[Collected data]
+===+

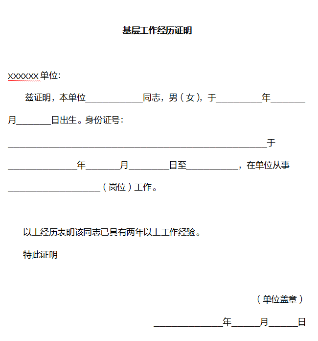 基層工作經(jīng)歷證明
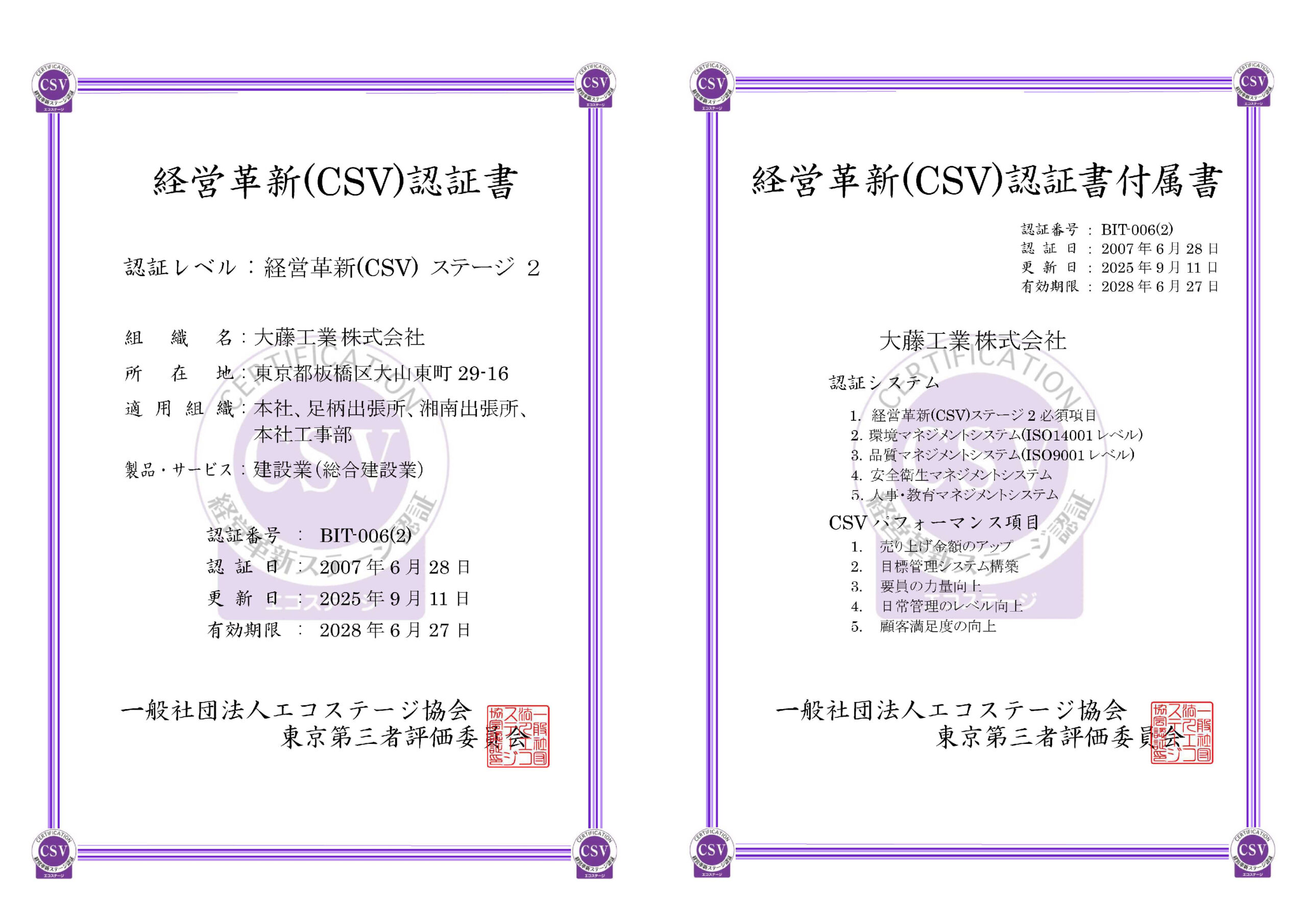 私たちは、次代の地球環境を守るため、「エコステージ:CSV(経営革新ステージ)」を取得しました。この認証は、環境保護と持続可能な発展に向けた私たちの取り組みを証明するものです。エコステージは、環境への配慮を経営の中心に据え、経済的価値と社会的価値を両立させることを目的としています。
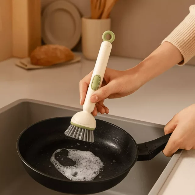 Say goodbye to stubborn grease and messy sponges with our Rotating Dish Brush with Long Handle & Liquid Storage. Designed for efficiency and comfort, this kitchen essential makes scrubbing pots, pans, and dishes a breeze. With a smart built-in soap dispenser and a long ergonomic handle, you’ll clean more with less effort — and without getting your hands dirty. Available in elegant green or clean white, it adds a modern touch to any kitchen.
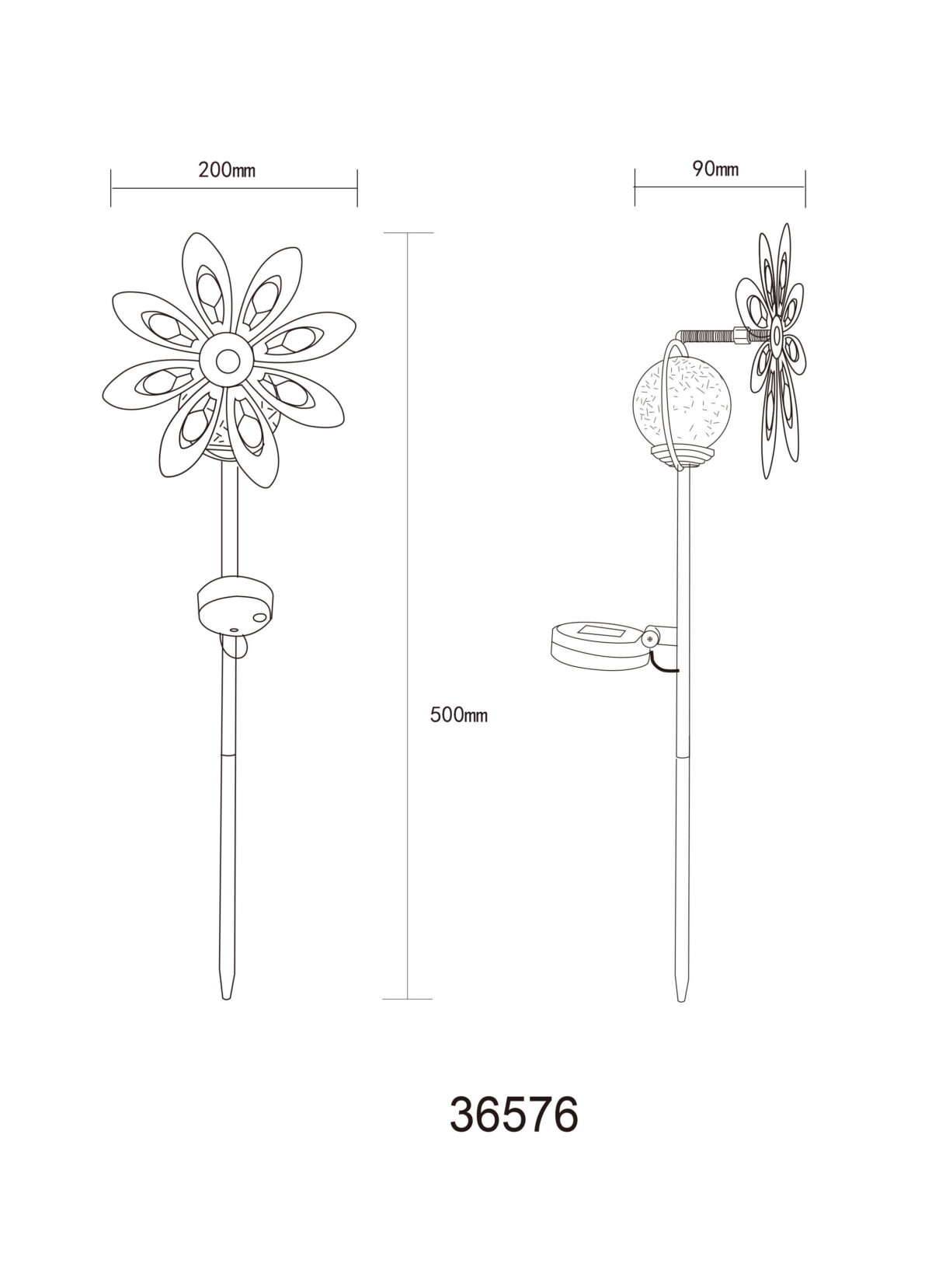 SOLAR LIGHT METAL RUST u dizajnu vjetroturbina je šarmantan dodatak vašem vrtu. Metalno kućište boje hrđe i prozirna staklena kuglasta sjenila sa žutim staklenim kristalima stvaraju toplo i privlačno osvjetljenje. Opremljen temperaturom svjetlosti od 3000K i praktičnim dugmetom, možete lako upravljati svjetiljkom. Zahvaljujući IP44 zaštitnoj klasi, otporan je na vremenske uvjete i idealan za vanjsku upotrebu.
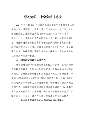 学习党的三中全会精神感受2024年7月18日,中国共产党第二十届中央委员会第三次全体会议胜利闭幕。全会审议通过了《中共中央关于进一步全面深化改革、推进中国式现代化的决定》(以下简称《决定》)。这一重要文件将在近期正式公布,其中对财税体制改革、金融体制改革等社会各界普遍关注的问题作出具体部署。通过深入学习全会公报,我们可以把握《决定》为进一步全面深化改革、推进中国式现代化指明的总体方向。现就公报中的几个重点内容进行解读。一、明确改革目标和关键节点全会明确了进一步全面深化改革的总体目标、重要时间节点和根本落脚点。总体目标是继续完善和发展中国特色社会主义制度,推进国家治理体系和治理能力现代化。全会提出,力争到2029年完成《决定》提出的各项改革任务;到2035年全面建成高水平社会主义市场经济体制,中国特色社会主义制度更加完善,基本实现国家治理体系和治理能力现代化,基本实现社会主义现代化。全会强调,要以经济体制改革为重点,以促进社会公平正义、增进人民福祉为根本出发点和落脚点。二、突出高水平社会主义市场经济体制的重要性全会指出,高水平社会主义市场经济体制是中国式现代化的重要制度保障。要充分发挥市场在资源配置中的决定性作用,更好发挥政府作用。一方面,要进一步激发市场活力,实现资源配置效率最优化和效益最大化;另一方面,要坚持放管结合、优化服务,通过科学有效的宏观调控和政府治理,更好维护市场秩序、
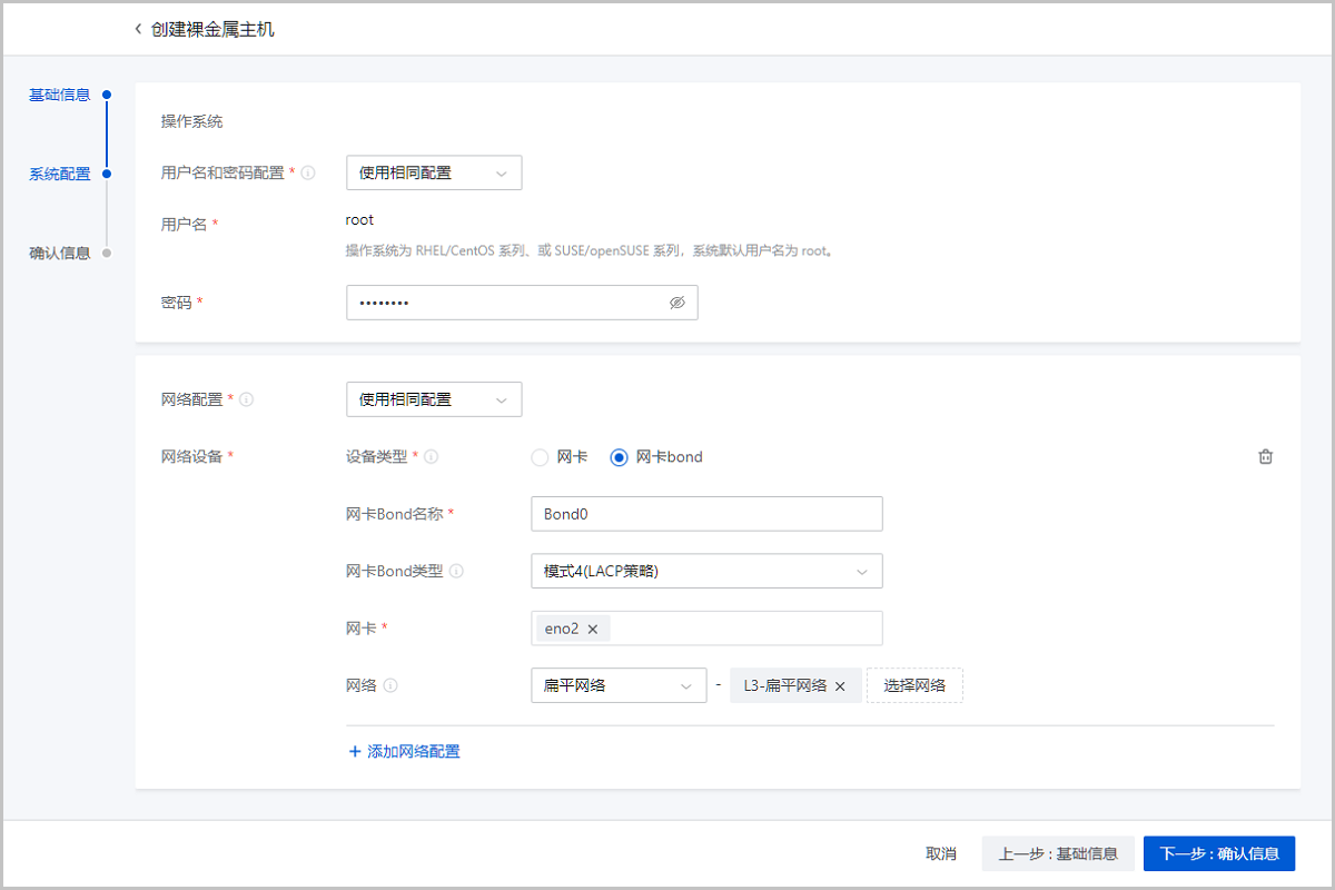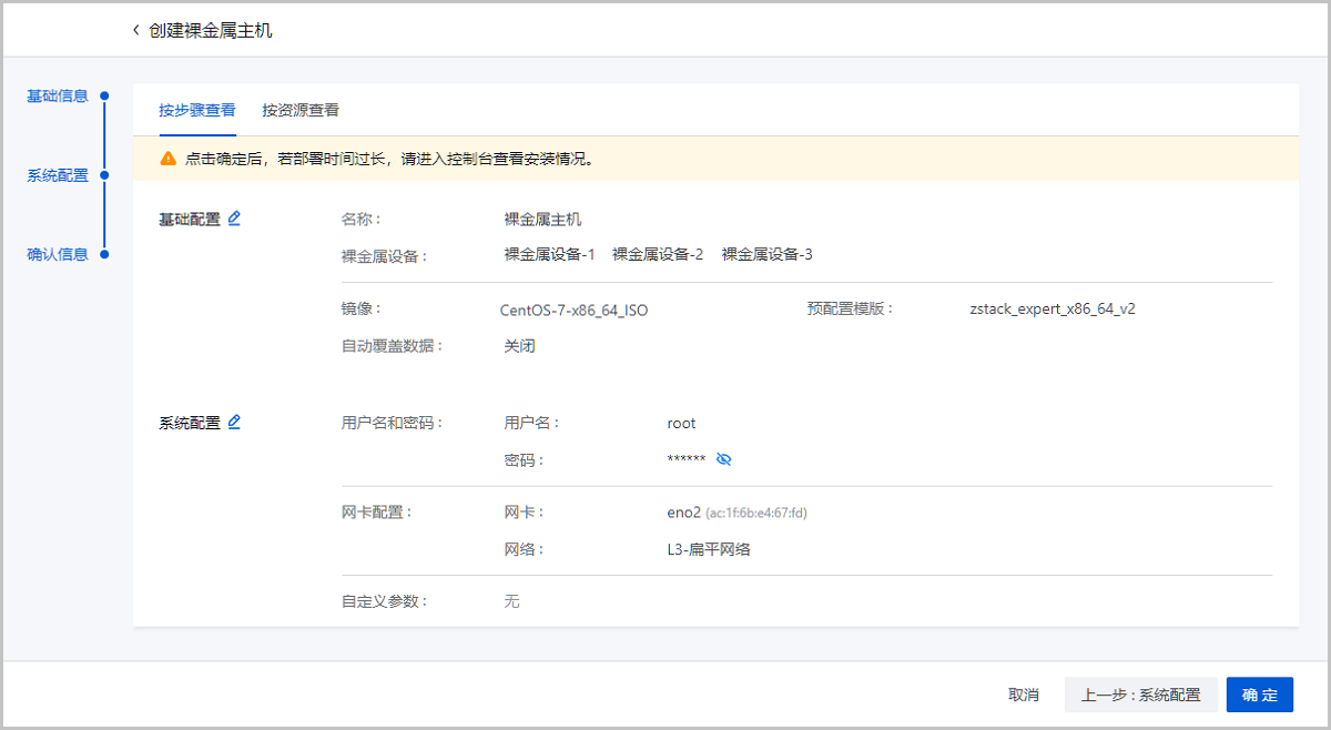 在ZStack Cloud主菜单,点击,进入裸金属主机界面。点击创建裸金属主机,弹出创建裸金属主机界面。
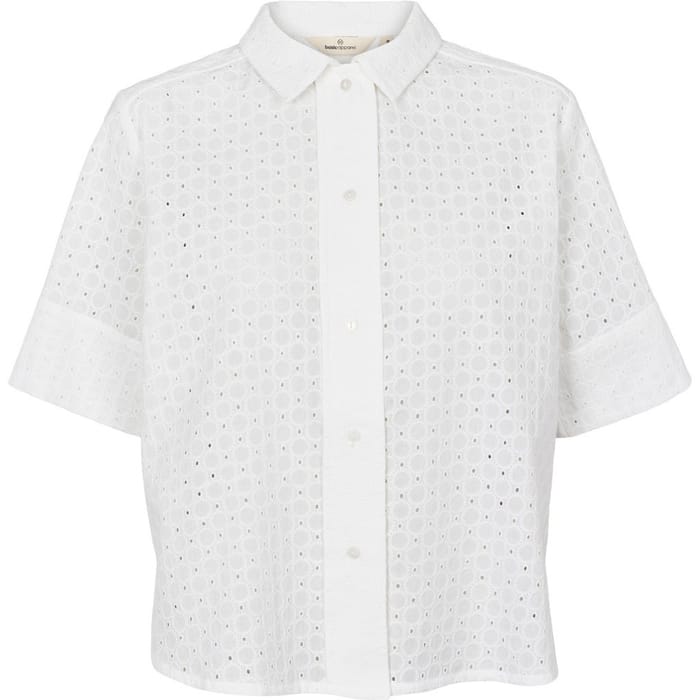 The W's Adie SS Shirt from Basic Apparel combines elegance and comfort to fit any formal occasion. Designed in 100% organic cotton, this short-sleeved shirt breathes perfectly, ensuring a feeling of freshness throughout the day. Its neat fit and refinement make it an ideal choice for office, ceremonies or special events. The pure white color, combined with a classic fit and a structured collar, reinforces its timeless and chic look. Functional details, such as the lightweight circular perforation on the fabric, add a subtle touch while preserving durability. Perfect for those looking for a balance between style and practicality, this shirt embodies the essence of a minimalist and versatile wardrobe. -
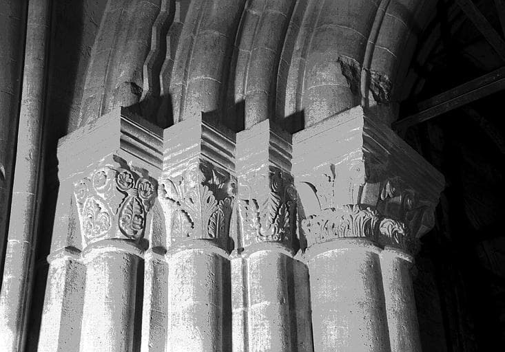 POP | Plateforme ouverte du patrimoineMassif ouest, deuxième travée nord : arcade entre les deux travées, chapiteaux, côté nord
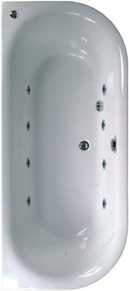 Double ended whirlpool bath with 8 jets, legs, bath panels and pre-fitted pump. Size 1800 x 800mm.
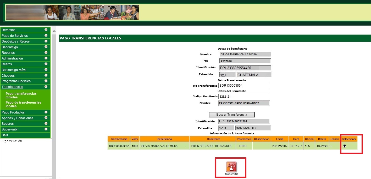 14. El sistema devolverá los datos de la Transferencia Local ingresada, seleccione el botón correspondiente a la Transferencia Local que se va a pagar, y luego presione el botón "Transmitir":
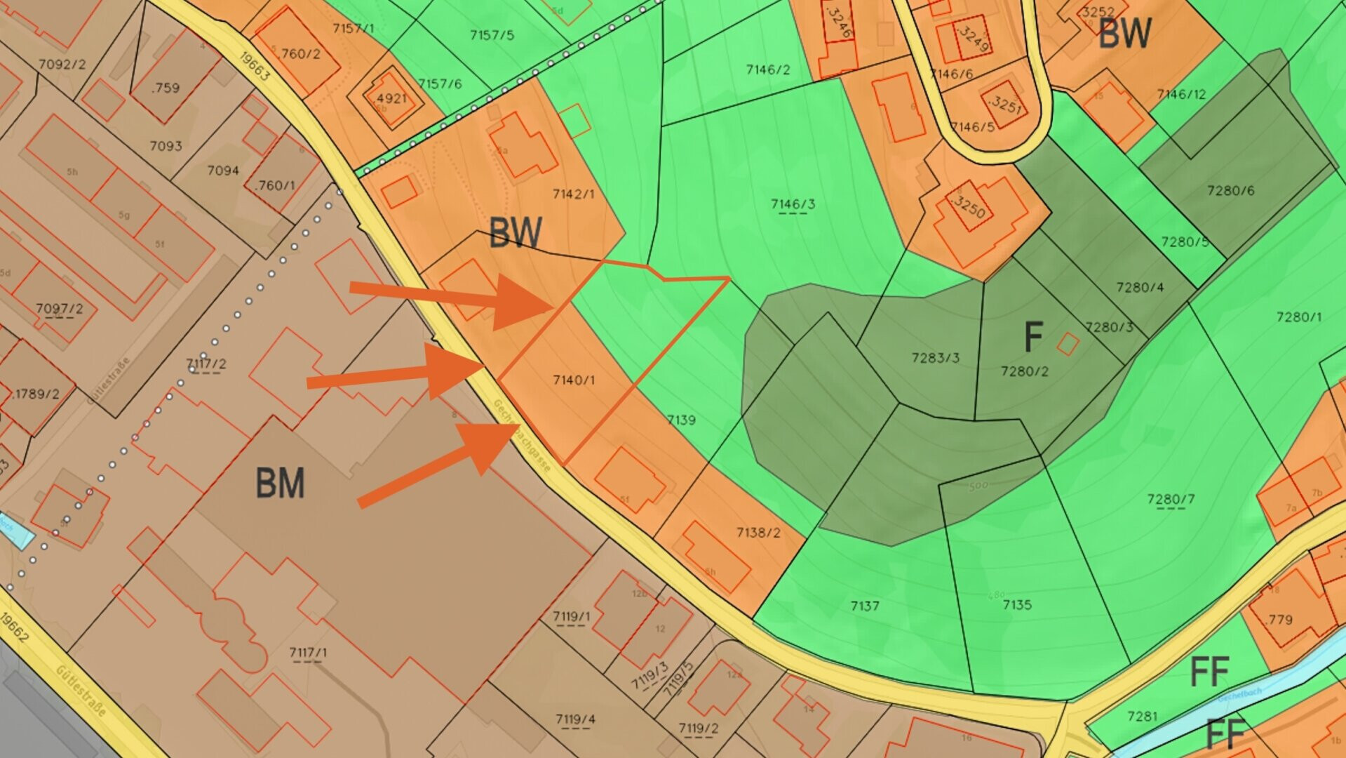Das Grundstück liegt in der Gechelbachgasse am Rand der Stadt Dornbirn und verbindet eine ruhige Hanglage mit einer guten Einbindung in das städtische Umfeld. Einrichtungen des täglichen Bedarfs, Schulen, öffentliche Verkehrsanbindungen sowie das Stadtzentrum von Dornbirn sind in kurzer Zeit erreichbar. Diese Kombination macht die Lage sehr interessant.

+===+

**Work instruction:**
Pictures are to be left out; otherwise, retype exactly the lines from the first line of the data through the line containing "在ZStack Cloud主".

**Task output:**
 基層工作經(jīng)歷證明
 私たちは、次代の地球環境を守るため、「エコステージ:CSV(経営革新ステージ)」を取得しました。この認証は、環境保護と持続可能な発展に向けた私たちの取り組みを証明するものです。エコステージは、環境への配慮を経営の中心に据え、経済的価値と社会的価値を両立させることを目的としています。
 Say goodbye to stubborn grease and messy sponges with our Rotating Dish Brush with Long Handle & Liquid Storage. Designed for efficiency and comfort, this kitchen essential makes scrubbing pots, pans, and dishes a breeze. With a smart built-in soap dispenser and a long ergonomic handle, you’ll clean more with less effort — and without getting your hands dirty. Available in elegant green or clean white, it adds a modern touch to any kitchen.
 SOLAR LIGHT METAL RUST u dizajnu vjetroturbina je šarmantan dodatak vašem vrtu. Metalno kućište boje hrđe i prozirna staklena kuglasta sjenila sa žutim staklenim kristalima stvaraju toplo i privlačno osvjetljenje. Opremljen temperaturom svjetlosti od 3000K i praktičnim dugmetom, možete lako upravljati svjetiljkom. Zahvaljujući IP44 zaštitnoj klasi, otporan je na vremenske uvjete i idealan za vanjsku upotrebu.
 学习党的三中全会精神感受2024年7月18日,中国共产党第二十届中央委员会第三次全体会议胜利闭幕。全会审议通过了《中共中央关于进一步全面深化改革、推进中国式现代化的决定》(以下简称《决定》)。这一重要文件将在近期正式公布,其中对财税体制改革、金融体制改革等社会各界普遍关注的问题作出具体部署。通过深入学习全会公报,我们可以把握《决定》为进一步全面深化改革、推进中国式现代化指明的总体方向。现就公报中的几个重点内容进行解读。一、明确改革目标和关键节点全会明确了进一步全面深化改革的总体目标、重要时间节点和根本落脚点。总体目标是继续完善和发展中国特色社会主义制度,推进国家治理体系和治理能力现代化。全会提出,力争到2029年完成《决定》提出的各项改革任务;到2035年全面建成高水平社会主义市场经济体制,中国特色社会主义制度更加完善,基本实现国家治理体系和治理能力现代化,基本实现社会主义现代化。全会强调,要以经济体制改革为重点,以促进社会公平正义、增进人民福祉为根本出发点和落脚点。二、突出高水平社会主义市场经济体制的重要性全会指出,高水平社会主义市场经济体制是中国式现代化的重要制度保障。要充分发挥市场在资源配置中的决定性作用,更好发挥政府作用。一方面,要进一步激发市场活力,实现资源配置效率最优化和效益最大化;另一方面,要坚持放管结合、优化服务,通过科学有效的宏观调控和政府治理,更好维护市场秩序、
 在ZStack Cloud主菜单,点击,进入裸金属主机界面。点击创建裸金属主机,弹出创建裸金属主机界面。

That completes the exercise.